Thirty trusts are forecasting a combined deficit of £452.1m, but with 69 trusts forecasting a surplus of £144m between them, the aggregate position for the sector improves to the £308m deficit.  

Most of the trusts in deficit are acute providers, but at the board meeting TDA finance director Bob Alexander said: “We have a community trust and a couple of mental health trusts that are desperate to join the pack.”

Solent Trust and Manchester Health and Social Care Trust, which are both community and mental health providers, are forecasting unplanned deficits for the year.

The overall end of year figures forecast for the sector are flattered by “provider deficit funding” made available for 15 trusts.

Mr Alexander said the TDA had already “played a portion of that [funding] into the £308m position”.

The authority said this non-recurrent funding is being directed towards trusts with “exceptional” financial challenges that threaten their overall sustainability.
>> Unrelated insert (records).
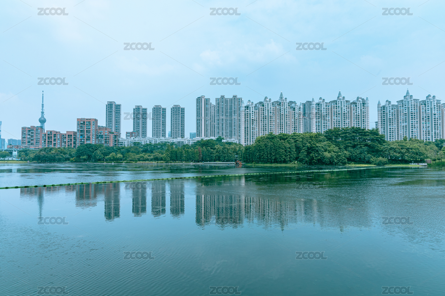 南宁南湖公园蓝天白云与城市摩天大楼建筑
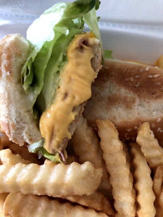 Open until 6pm Monday – Friday.  Hamburgers and sandwiches. Pick up at the door
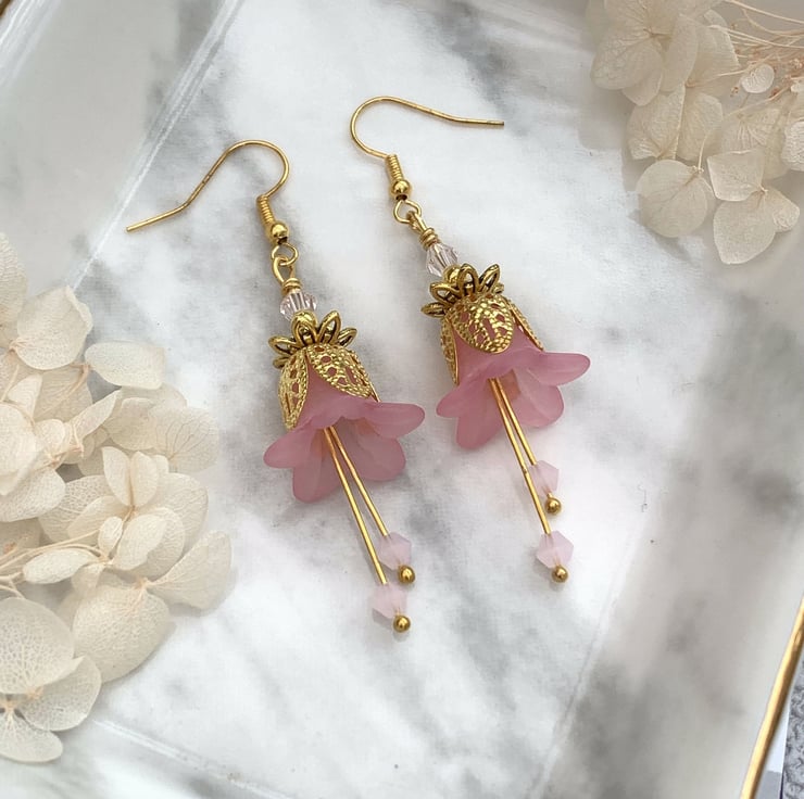 These are really pretty pink flower earrings and would make a lovely finishing touch to any outfit or would make a great gift for someone special.
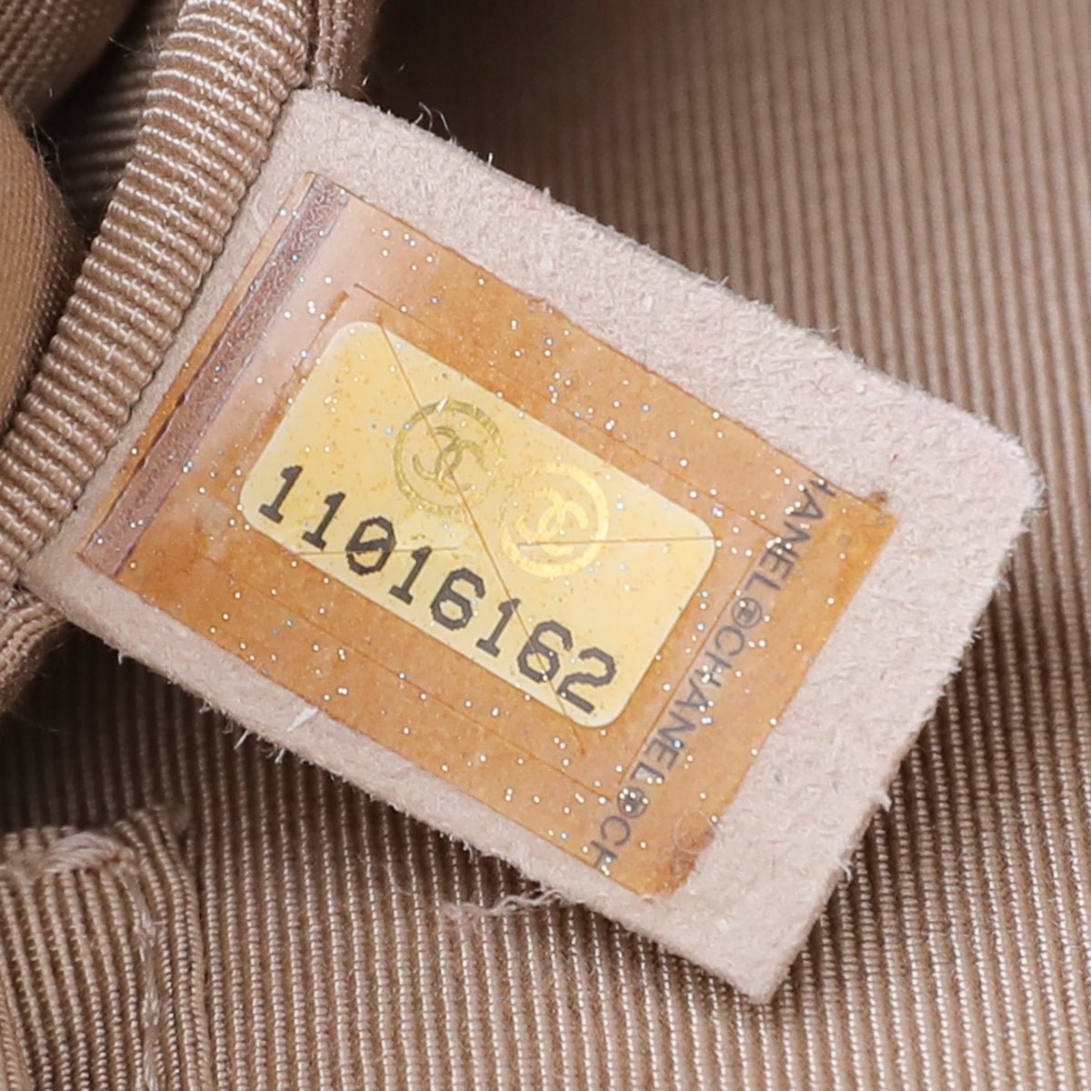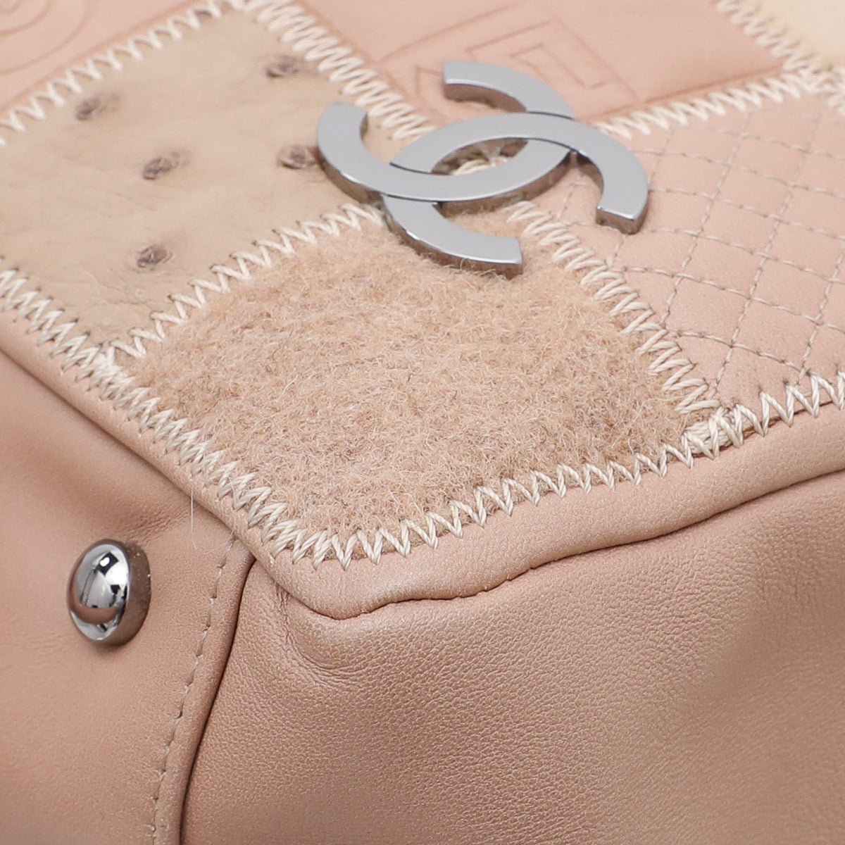 - Material: Beige Lambskin, Ostrich Leather, Wool and Tweed with Embossed Symbols
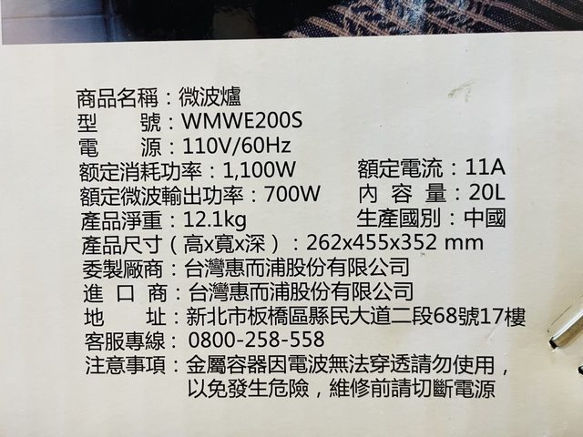 標題[交易] 惠而浦 20L微電腦微波爐(WMWE200S)含運送

It said the funding comes with conditions, and that those receiving it have to be on track to deliver an agreed financial plan for the year.

However, it is not yet clear exactly how much will be distributed to each trust under the scheme, and it appears unlikely that this will be known before the general election in May.

A spokesman for the TDA said the body was “working through the final details and figures”, which would be “published in due course”.

The deficit funding is set to appear in trusts’ annual accounts published in May, but these will be subject to the “purdah” rule that prevents the publication by public bodies of politically sensitive information in the run-up to elections.